À deux ou trois, jamais armés, six groupes de bénévoles patrouillent les quartiers les plus touchés, des quartiers populaires comme au nord de Manhattan et dans certaines parties des quartiers du Bronx, du Queens et de Brooklyn.

PHOTO ANGELA WEISS, AGENCE FRANCE-PRESSE

Les Guardian Angels n’interviennent pas pour faire respecter les règles de distanciation : ils laissent à la police cette tâche délicate, qui a déjà donné lieu à quelques polémiques.  

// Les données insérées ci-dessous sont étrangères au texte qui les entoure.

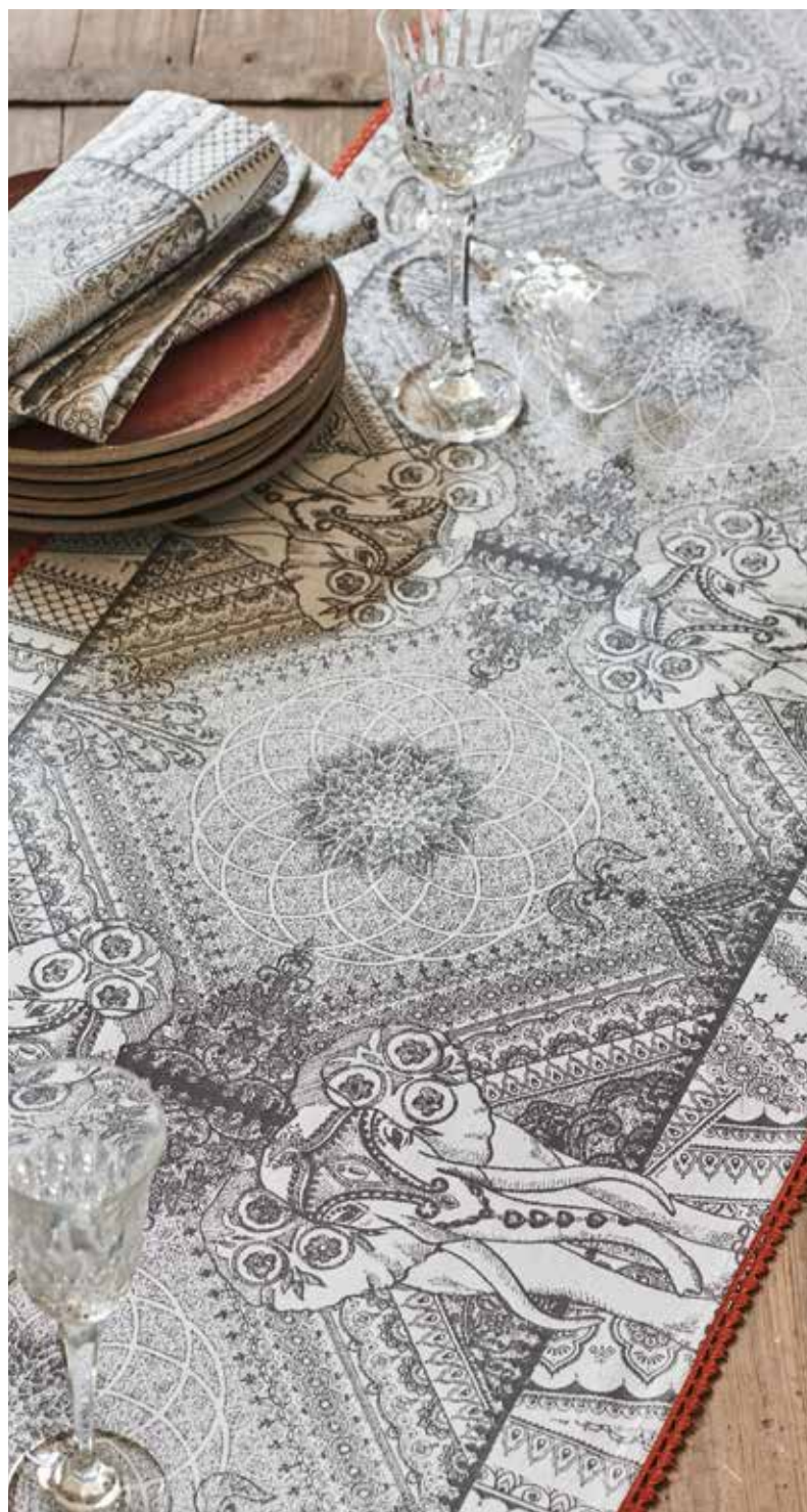
Jodhpur noir - 100% coton damassé / 100% damask cotton

Pour Curtis Sliwa, qui fonda les Guardian Angels en 1979, à une époque où New York était en faillite et plongée dans une criminalité endémique, les patrouilles jouent néanmoins un rôle crucial : la police, qui au pic de l’épidémie a perdu près de 20 % de ses agents, malades ou en quarantaine, est mal armée pour faire face au regain de vandalisme.

Les bénévoles, eux, peuvent aller au contact des commerçants.

« On leur dit de nous appeler s’ils ont des problèmes. Au moins ils sentent qu’il y a quelqu’un pour les protéger, eux et leur famille », dit M. Sliwa, 66 ans, aujourd’hui célèbre animateur de radio.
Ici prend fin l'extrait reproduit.